In less than a year, the operation, headed up by Marine Corps Maj. Gen. Douglas M. Stone, has changed the established philosophy, developing new practices for dealing with detainees.
The objective became focused on turning detainees from a strategic risk to a strategic advantage, knowing that those in detention would someday be released and be a part of society, Nevin explained.
A cornerstone of the team's efforts is the implementation of a Multinational Forces Review Committee, which affords detainees the opportunity to appear before a committee of officers, present a case, and provide reasons why they should no longer be held in coalition custody.
"Before, the detainees had no evidence as to whether their cases were being looked at," Nevins noted. "The opportunity to speak for themselves they found to be very satisfying, and immediately there was a reduction in detainee-on-detainee assaults, disturbances and assaults on the guards."
Other re-integration programs are also an important part of the programs' success, and all are completely voluntary.
"They have to participate voluntarily in these programs, and more than half of the detainees do," he said. In fact, Nevin reported, two sets of detainees recently walked out of a compound for extremist detainees and volunteered for the programs, even though they received death threats. "There was a group of nine about a month ago, and a group of 13 this past week," Nevin said.
An added incentive to these programs is that all of them are helpful once the detainees are released to normal society. In the basic education and literacy programs, "all schooling is tied in with Iraq's Ministry of Education, where detainees can earn actual grade levels and certificates," Nevin explained.
In addition, during religious discussion programs, "detainees can sit down with recognized clerics and discuss religious topics, going through the Quran, and come out with their own interpretation of things," he said.
There is also a push to place the detainees in solid occupations to discourage them from returning to the streets.
"We are working with the (provincial reconstruction teams) here locally, doing microgrants with small agencies, giving the detainees opportunities to call into the office and get jobs," he said. "In addition, we are working with a bigger public works program to get something initiated that would span the whole country."
As a result of this new push to understand the needs of detainees, Nevin reported that the detention centers are seeing good progress.
"The intakes are the lowest I have seen in the last year -- one-third of what they were at their peak. We now take in 27 (detainees) per day; at the peak, last summer, we took in 70."
Additionally, he said, out of 1,000 detainees released, only two of them are recaptured for further insurgent activity.
As a result of the success, the Iraqi government is taking notice and is highly involved with the program, the general said.

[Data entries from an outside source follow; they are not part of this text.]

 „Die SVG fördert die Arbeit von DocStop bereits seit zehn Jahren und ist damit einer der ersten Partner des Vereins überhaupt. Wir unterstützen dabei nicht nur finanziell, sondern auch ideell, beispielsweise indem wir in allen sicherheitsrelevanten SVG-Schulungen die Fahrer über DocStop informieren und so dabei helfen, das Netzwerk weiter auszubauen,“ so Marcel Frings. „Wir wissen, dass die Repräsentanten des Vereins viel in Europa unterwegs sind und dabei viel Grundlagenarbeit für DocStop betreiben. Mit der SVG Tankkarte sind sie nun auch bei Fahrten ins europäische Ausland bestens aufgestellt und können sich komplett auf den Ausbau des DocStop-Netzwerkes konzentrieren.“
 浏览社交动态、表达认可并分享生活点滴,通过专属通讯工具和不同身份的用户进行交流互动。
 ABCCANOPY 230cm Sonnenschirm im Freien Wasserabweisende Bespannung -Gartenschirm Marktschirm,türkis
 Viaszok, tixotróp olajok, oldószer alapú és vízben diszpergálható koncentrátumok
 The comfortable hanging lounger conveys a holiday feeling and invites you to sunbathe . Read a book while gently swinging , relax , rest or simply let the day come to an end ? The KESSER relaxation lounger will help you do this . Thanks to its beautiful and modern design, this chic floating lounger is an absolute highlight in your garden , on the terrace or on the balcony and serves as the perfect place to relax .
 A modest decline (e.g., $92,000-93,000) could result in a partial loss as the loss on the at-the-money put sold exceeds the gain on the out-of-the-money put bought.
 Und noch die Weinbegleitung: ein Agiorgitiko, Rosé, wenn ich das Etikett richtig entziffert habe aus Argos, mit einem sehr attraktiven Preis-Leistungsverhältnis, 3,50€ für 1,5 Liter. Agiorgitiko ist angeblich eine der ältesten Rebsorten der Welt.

"Prime Minister Nouri al-Maliki has attended our release ceremonies, shaking hands with detainees and wishing them well," Nevins reported. "Whenever we have a release ceremony, we always have a representative from the ministry. They want to be involved; it gives them an opportunity to address these men as they return to society and give them a clear perspective of what's going on out there."
Nevins cited his own attendance at a recent ceremony that released 306 detainees. Iraq's deputy education minister presided, giving a good message of citizenship and responsibility and laying out how the country has changed while they have been in detention.

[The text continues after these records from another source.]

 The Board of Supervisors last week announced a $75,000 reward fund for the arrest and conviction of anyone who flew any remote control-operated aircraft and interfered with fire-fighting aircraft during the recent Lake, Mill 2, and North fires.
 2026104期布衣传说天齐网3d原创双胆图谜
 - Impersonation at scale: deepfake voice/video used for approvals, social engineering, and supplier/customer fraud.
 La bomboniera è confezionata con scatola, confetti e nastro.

"They get a good current picture of the world and the expectations for them to return to their homes and society and not become a security threat again," Nevin said.
All in all, it is readily apparent that the new approach is working, the general said. "We are opening eyes and minds of the detainees so they can see things differently and have a different approach to their communities and their nation when they leave," he added.
(Jamie Findlater works in the New Media Branch of American Forces Information Service.)